Lammy had been well prepared for these questions, but didn’t seem particularly passionate or personally invested in them
David Lammy, standing in for Starmer, was ready for the ghosting story, responding to it even before Coutinho had raised it. He told her in his first answer not to believe everything she read in the papers, adding: ‘The Prime Minister and the Energy Secretary have been discussing cutting bills by over £100, we’ve got our warm homes plan lifting millions of families out of fuel poverty and securing enough energy projects to power 23 million homes. She was the energy secretary who left our country exposed to global fossil fuel markets.’
The shadow energy secretary claimed bills had come down when she was a minister, and asked him how many jobs had been lost in Aberdeen due to ‘pointless virtue signalling’ since Labour had come to power. Lammy replied that she had once enthusiastically championed net zero when she was in government as energy secretary, but had ‘forgotten because they’re desperately chasing Reform’ now. He listed the investment that the government had put into the industry and Aberdeen specifically.

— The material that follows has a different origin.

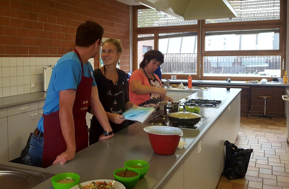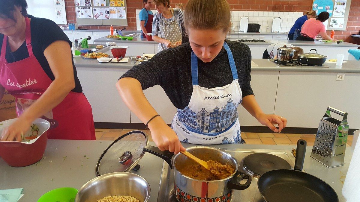 Cours de cuisine du samedi 30 septembre sur le nouveau thème de la cuisine indienne. Une équipe super dynamique et chaleureuse. Qui a réalisé d'une main de maître un dhal aux lentilles et haricots rouges, des chaussons aux pommes de terre et petits pois, un condiment aux dattes, une sauce à la coriandre, une salade sauce aux graines de fenouil, un poulet korma et une crème à la mangue. Rien que ça! Comme c'était cool, je les remercie de tout coeur.

Coutinho came back to argue that 1,000 jobs were being lost in the oil industry every month, and that those who were losing their jobs were moving into new roles which are paid half as much. How would he feel if the government forced him to take a pay cut, she asked. Lammy insisted that ‘we’re not turning off the taps’ and that Labour was championing a ‘mixed economy’. He had been well prepared for these questions, but didn’t seem particularly passionate or personally invested in them. This is unusual for Lammy, who is normally very high energy at the dispatch box.
Finally Coutinho raised the ‘ghosting’ story, to which Lammy again told her to stop reading the newspapers. ‘When the defence investment plan is published, it will set out how every government department is contributing to defence including the energy department. We will always put national security first.’ He also said energy bills would have been higher if the UK had followed Kemi Badenoch’s advice and gone ‘feet first’ into the war in Iran. Coutinho replied ‘if everything is so hunky dory, why did half of his defence team quit last week?’ She then listed projects that the government could find money for instead of funding the DIP. She described Miliband as ‘out of control’.
Lammy returned that defence was the ‘number one priority’ and then listed resignations of previous Tory defence secretaries, as though the Conservatives being bad was enough to make Labour fine. ‘If everything is fine,’ asked Coutinho, ‘why is he here?’ She was pointing at the newly installed Dan Jarvis, who was sitting on the government frontbench next to Lammy. Lammy decided to answer the question as though it referred to him, saying he was there because the Prime Minister was at the G7. He didn’t look like he’d regretted standing in this time, but neither did he manage to sound that enthusiastic about Starmer.